Provided information =
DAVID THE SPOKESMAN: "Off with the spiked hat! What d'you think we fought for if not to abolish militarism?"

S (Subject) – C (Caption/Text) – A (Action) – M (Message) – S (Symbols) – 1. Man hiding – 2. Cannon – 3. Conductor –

---

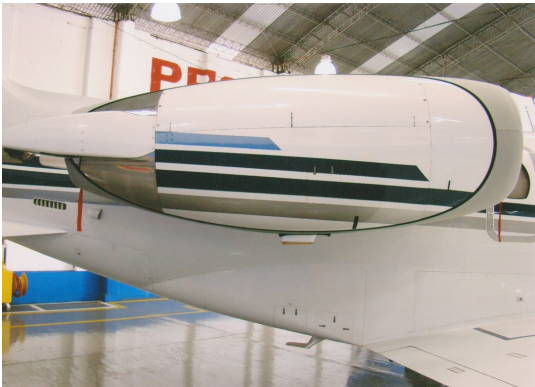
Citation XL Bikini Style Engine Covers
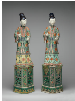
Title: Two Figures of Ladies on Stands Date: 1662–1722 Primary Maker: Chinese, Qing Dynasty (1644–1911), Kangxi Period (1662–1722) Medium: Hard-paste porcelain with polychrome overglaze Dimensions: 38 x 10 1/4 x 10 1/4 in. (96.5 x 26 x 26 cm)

--

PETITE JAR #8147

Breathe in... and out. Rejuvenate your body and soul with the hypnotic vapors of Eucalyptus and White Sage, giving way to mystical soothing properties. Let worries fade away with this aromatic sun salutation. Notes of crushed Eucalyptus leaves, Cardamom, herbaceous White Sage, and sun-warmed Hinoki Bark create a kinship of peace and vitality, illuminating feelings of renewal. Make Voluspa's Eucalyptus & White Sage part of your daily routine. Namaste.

What is required = Find every line in the records that uses the string "with", then copy it.

Task output =
DAVID THE SPOKESMAN: "Off with the spiked hat! What d'you think we fought for if not to abolish militarism?"
Title: Two Figures of Ladies on Stands Date: 1662–1722 Primary Maker: Chinese, Qing Dynasty (1644–1911), Kangxi Period (1662–1722) Medium: Hard-paste porcelain with polychrome overglaze Dimensions: 38 x 10 1/4 x 10 1/4 in. (96.5 x 26 x 26 cm)
Breathe in... and out. Rejuvenate your body and soul with the hypnotic vapors of Eucalyptus and White Sage, giving way to mystical soothing properties. Let worries fade away with this aromatic sun salutation. Notes of crushed Eucalyptus leaves, Cardamom, herbaceous White Sage, and sun-warmed Hinoki Bark create a kinship of peace and vitality, illuminating feelings of renewal. Make Voluspa's Eucalyptus & White Sage part of your daily routine. Namaste.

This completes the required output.